User:ErsatzCulture/Tagging
I think I've seen a few comments on this Wiki - this is the main one I'm thinking of, although that content will get archived and the link will break sooner or later - or in the bugs/feature requests about the low usage of tagging, and I agree. To try to help push that area forward, I'm in the middle of hacking together some tooling to help me know where I might be able to improve the tag data.
Report on books in my Goodreads collection that have no or few tags in ISFDB
(This will probably be of little use or interest to anyone who doesn't track their collection/reading on Goodreads.)
I have a script that goes through a CSV export from Goodreads, tries to match up the books against a local copy of the ISFDB database, and report on any books that don't have tags, have few tags, or don't have any of what I call "core" tags (which are the main/top level genres covered on ISFDB e.g. "science fiction", "fantasy", "horror" and a couple of others).

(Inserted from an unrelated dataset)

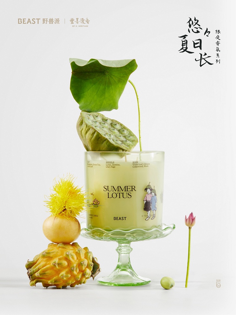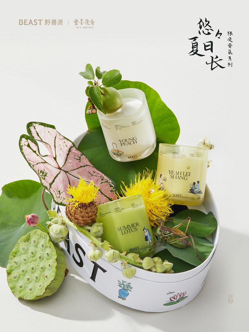 “小扇引微凉,悠悠夏日长。” 芒种节气,野兽派携手丰子恺,联名推出夏日悠悠长限定香氛系列,用香味勾勒大师笔下惬意悠闲、童趣稚气的夏天,让人沉浸于清新和愉悦之中。

Some example output (the real output is colour coded, so this extract is less legible than it might otherwise be):
./check_isfdb_tags.py -f read -f science-fiction Diaspora by Greg Egan has 10 tags in ISFDB http://www.isfdb.org/cgi-bin/title.cgi?1399 ERROR:root:Could not find M.G. Wheaton/Emily Eternal in ISFDB - skipping Lock In by John Scalzi has 3 tags in ISFDB http://www.isfdb.org/cgi-bin/title.cgi?1658286 Children of Ruin by Adrian Tchaikovsky has 5 tags in ISFDB http://www.isfdb.org/cgi-bin/title.cgi?2528986 Europe at Midnight by Dave Hutchinson has 4 tags in ISFDB http://www.isfdb.org/cgi-bin/title.cgi?1916529 Ubik by Philip K. Dick has 2 tags in ISFDB http://www.isfdb.org/cgi-bin/title.cgi?948 A Memory Called Empire by Arkady Martine has 2 tags in ISFDB http://www.isfdb.org/cgi-bin/title.cgi?2500310 Semiosis by Sue Burke has 3 tags in ISFDB http://www.isfdb.org/cgi-bin/title.cgi?2300478 Apex by Ramez Naam has 2 tags in ISFDB http://www.isfdb.org/cgi-bin/title.cgi?1864582 Starplex by Robert J. Sawyer has 0 tags in ISFDB http://www.isfdb.org/cgi-bin/title.cgi?5748 ERROR:root:Could not find Neal Asher/Gridlinked: An Agent Cormac Novel 1 in ISFDB - skipping The City in the Middle of the Night by Charlie Jane Anders has 2 tags in ISFDB http://www.isfdb.org/cgi-bin/title.cgi? 2486327 The Left Hand of Darkness by Ursula K. Le Guin has 20 tags in ISFDB http://www.isfdb.org/cgi-bin/title.cgi?7662 ERROR:root:Could not find C.L. Moore/Doomsday Morning in ISFDB - skipping Shadow Captain by Alastair Reynolds has 1 tags in ISFDB http://www.isfdb.org/cgi-bin/title.cgi?2469371 The Handmaid's Tale by Margaret Atwood has 7 tags in ISFDB http://www.isfdb.org/cgi-bin/title.cgi?1816 The Handmaid's Tale lacks a core tag: sexism,dystopia,into-tv,into-movie,list NPR Top100 (2011),misogyny,near future http://www.isfdb.org/cgi-bin/title.cgi?1816 ERROR:root:Could not find Aliette de Bodard/The Tea Master and the Detective in ISFDB - skipping Embers of War by Gareth L. Powell has 2 tags in ISFDB http://www.isfdb.org/cgi-bin/title.cgi?2301133 The Fountains of Paradise by Arthur C. Clarke has 4 tags in ISFDB http://www.isfdb.org/cgi-bin/title.cgi?1903 ... etc ...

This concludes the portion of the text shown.